# coleman stove question



## ihuntgsps (Mar 10, 2008)

just now bought a large 3 burner coleman camp stove. has a red canister for the fuel. lady says it take coleman fuel like they sell at wal mart/etc. I plan to buy several containers of fuel to store but am curious if they could also run on other fuels (kerosene, etc.) if someday coleman fuel was hard to find???


----------



## Cabin Fever (May 10, 2002)

My understanding is the stoves with the red tank use Coleman fuel only.

The stoves with a silver tank can use gasoline or Coleman fuel.


----------



## MrCalicoty (Jun 27, 2010)

How about green tanks? I saw one at a yard sale last weekend but I got pre-empted by another shopper before I could decide on it.

Another question if I may... Since the need to use "white gas" ie: coleman fuel came about because of lead in gas (in years past) would today's unleaded gas work? I suppose not but thought I'd check. 

I know that a lot of expedition stoves can be fitted with different "jets" to use a variety of heat fuels but I've never heard that a Coleman style stove could be retrofitted.


----------



## hillbillygal (Jan 16, 2008)

I'm interested in this thread also as I bought one at a yard sale 2 weeks ago. It still had some fuel in the little red tank. I had never seen one like it but dh was explaining the "white gas" thing to me.


----------



## Cabin Fever (May 10, 2002)

MrCalicoty said:


> How about green tanks?....


I don't believe I've ever seen a Coleman stove with a green tank...hummmm


----------



## mistletoad (Apr 17, 2003)

The green ones I've seen are dual fuel - Coleman fuel or unleaded gas.


----------



## MrCalicoty (Jun 27, 2010)

I just found this for converting Coleman stoves to propane.

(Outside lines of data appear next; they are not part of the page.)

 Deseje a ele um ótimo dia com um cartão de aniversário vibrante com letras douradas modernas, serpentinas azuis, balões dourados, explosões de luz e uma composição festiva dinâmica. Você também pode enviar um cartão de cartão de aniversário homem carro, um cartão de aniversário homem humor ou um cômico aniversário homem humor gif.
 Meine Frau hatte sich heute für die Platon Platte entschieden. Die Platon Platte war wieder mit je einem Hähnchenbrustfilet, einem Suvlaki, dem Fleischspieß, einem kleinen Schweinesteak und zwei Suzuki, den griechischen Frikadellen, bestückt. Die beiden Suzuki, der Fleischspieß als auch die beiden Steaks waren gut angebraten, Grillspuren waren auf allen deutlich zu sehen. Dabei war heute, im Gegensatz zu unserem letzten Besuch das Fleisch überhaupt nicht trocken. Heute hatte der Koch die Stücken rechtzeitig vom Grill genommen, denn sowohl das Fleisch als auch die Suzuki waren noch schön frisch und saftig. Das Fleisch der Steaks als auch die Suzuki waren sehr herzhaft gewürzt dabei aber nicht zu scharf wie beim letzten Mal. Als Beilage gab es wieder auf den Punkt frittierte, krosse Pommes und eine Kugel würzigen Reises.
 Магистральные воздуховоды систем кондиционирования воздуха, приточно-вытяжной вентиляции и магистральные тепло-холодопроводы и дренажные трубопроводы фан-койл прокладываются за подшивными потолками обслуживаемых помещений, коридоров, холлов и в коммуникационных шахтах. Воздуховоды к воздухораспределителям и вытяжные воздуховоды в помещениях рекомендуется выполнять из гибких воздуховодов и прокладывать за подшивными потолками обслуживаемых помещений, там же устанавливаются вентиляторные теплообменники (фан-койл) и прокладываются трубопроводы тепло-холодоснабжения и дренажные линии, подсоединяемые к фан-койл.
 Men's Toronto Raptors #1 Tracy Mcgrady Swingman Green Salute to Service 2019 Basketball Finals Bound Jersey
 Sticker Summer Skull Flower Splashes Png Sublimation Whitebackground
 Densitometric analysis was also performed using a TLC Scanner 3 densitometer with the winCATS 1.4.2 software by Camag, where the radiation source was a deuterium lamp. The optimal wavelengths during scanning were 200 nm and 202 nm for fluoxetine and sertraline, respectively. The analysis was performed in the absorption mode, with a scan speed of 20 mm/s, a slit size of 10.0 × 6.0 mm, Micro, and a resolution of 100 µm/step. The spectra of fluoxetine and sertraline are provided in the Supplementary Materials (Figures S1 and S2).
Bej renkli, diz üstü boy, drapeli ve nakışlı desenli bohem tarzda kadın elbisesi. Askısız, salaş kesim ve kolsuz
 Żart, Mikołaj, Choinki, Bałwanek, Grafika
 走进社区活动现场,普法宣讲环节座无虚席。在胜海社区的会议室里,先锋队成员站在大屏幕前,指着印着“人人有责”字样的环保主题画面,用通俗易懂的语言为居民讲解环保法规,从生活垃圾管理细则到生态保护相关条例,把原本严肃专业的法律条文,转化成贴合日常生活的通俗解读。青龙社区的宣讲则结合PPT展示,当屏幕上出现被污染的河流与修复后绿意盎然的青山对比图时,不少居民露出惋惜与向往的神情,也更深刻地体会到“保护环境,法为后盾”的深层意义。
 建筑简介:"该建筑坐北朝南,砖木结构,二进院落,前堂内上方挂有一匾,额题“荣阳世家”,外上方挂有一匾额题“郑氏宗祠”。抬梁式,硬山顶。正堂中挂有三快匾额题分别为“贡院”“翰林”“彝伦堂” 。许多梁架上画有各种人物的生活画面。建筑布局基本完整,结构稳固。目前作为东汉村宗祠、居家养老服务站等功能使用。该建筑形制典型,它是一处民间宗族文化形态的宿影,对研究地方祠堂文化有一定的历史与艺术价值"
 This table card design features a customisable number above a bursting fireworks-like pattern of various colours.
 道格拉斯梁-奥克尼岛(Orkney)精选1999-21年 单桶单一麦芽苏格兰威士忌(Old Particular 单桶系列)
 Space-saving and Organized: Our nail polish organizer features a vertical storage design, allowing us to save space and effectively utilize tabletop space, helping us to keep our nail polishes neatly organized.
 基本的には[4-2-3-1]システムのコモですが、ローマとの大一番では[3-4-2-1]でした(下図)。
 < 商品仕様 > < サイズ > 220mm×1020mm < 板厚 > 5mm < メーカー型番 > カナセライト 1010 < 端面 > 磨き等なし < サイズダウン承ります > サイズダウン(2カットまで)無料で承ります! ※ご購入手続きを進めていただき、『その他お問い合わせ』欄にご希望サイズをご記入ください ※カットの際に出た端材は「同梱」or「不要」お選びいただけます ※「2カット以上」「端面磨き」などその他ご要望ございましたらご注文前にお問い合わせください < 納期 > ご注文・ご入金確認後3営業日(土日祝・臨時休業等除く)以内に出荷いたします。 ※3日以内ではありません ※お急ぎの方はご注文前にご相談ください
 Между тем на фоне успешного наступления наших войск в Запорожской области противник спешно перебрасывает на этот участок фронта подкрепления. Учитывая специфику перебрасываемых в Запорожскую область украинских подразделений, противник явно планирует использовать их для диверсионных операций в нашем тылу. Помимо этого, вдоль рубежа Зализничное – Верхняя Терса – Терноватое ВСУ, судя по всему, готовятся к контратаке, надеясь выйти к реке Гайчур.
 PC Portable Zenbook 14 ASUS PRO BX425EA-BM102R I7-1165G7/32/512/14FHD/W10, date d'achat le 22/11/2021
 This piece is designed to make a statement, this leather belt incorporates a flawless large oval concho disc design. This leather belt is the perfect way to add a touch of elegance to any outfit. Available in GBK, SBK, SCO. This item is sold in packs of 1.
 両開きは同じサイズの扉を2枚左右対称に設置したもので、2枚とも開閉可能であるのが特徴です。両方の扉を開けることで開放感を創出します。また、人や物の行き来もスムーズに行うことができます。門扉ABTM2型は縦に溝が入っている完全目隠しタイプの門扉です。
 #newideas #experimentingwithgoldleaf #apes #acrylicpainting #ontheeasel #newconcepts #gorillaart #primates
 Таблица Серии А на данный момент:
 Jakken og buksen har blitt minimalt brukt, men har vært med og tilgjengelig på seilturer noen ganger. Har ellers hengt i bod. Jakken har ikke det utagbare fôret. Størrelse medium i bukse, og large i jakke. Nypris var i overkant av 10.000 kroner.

Here's the direct link to one place that sells it for $29.99
http://www.gleasoncamping.com/browseproducts/Propane-Converter.HTML


----------



## BillHoo (Mar 16, 2005)

I think you can buy a converter or duel fuel "carbureator" for the coleman stoves to use either.

They work great. Before I bought my own, I used to borrow or rent them. Those would have poor burning capability - black, oily smoke that gets into the flames. I think that was from an older coleman stove that used leaded gas.

I would have to clean and scrape excess carbon off of them and they would work fine - nice blue flames.

Used frugally, a coleman gas stove and a gallon of unleaded gas could serve you for a few months.

There's also the Coleman propane stove. Works nice too.

I would go with the unleaded gas stove for a 6 month to a year "on-the-road" situation.

Beyond that, it would be a matter of hunkering down with a good stockpile of wood.

Or entrenching myself with a pile of coal.


----------



## tonasket (Oct 20, 2004)

We converted ours over to propane, using the same part you showed. Works great, hubby put a 5' hose on our tank, switching from stove to bbq to lantern as needed.


----------



## MrCalicoty (Jun 27, 2010)

I also found this article on Epinions. Here's a brief quote about using unleaded gas:



> The stove was originally designed to run on Coleman gas (which is really a liquid closely related to gasoline), also called white gas, which is available virtually everywhere from your local hardware or sporting goods store to the most distant outpost frequented by campers. Coleman has developed a &#8220;dual fuel&#8221; version of this stove which will also run on unleaded gasoline, but *the original will work well on gasoline in a pinch*. I&#8217;ve used it many times when I either ran out of or forgot my Coleman fuel. WalMart sells a slightly less expensive white gas under the brand Ozark Trails.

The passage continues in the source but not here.